SUNKEN RED

Guy Cassiers (Antwerp)

Theatre

February 6-9, 2013

“Roofthooft’s talent is unparalleled. The way he makes sentences flutter away and whispered words float in the air is pure mastery.”
- Rotterdams Dagblad

A classic Dutch novel brought to life by “a performance that takes perfection to whole new level” – SUNKEN RED will “rasp every fibre of your body,” with “language of an accuracy and finesse that has no equal”. This powerful piece, told with an aching beauty by one of Europe’s greatest actors, is an emotional exploration of what is left of the human soul after enduring profound tragedy.

Recently selected as ‘an outstanding and remarkable foreign production’ at a prestigious Czech theatre festival and described by the New York Times as “a cathartic achievement” SUNKEN RED is “a prayer, litany, elegy, farewell letter, ode, curse, cry of despair, self-pitying lament … all these things in one moving, harsh and poetical narration.”

The award-winning actor, Dirk Roofthooft, plays the character of a complex man reflecting on the trauma of his childhood, with an enormously rich, romantic imagination and tremendous longings. Together, with the director, they shape the inner world of a tormented writer traumatized by his experiences in a Japanese concentration camp, where he, as a child, was imprisoned with his mother.

On stage, five cameras observing from every angle depict theatrically what the words do in the book, and as a result of ruthless self- analysis, a self-portrait emerges of someone who is falling apart. The stage becomes a darkroom, bathed in red light, where images of the past are developed and displayed. The viewer enters into his intimate world through multiple lenses, where sound techniques make even a whisper from Roofthooft resound through the theatre. All of these effects aid in taking the audience on a “ journey to the depths of human existence”, producing “a magnificent, if perplexing play”.

     

Artistic director of Toneelhuis, Guy Cassiers is considered one of the most innovative theatre-makers in Europe. In Sunken Red, he brilliantly directs Dirk Roofthooft, widely considered as one of Europe’s greatest actors. Together they have created one of the most cathartic, intimate and illuminating works in contemporary theatre. The stage is designed as a sort of darkroom, where images of the past are developed. Live-feed video projection captures even the most minute emotion that flickers across the actor’s face, “like recollections erupting in the mind,” making the audience question if we are – or are not – more than what we remember.

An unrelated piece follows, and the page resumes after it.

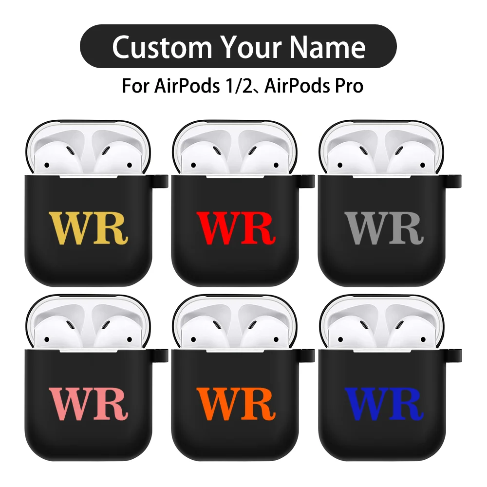 Роскошные буквы DIY Имя под заказ для Airpods 1 2 Pro черный чехол для Air Pods 2 защитный чехол Мягкий силиконовый чехол для Airp

‘Sometimes drama is hallucinatory. Like a trip, a dream that lifts you out of your theatre seat. It happens only rarely, but Guy Cassiers and Dirk Roofthooft have succeeded with Sunken Red…’   -De Volkskrant (NL)

// PLUS //

Join us Opening Night For…

// PLUS //

 

Join us for a very special pre-show talk with Dr. Annette Timm, Holocaust expert from the University of Calgary, at 7pm before Thursday’s performance in our Anniversary Studio on the second floor of the Theatre.

Timm will be discussing how historians (and individuals interested in these subjects) have dealt with the supremely troubling moral aspects of these histories: personal motivations, susceptibility to ideological manipulation, psychological mechanisms of coercion, opportunism and more.

Timm is an Associate Professor of History at The University of Calgary and has been teaching courses and giving public lectures on the Holocaust for more than ten years.

Free to attend, all are welcome!

 

2 Responses to “SUNKEN RED”

  1. Jocelyn Noyes February 6, 2013 7:49 pm #

    What a calm deliverance thats still so emotionally pact, nice contrast. Slightly robotic yet a supernaturally human experience. I am impressed with the clear yet en captivating voice, rolling quickly through intense experiences. Great clip, I’m on my toes.

  2. Stephan February 7, 2013 4:07 pm #

    Great performance.
    I thought I was prepared for the intensity of the subject, but Cassiers and Roofthooft took it even further down, to a darkness that was at times almost unbearable. By the end of the play, we were in shock, exhausted.
    I am a snob when it comes to standing ovations and I missed my chance on that one, too stunt to separate the subject from the performance.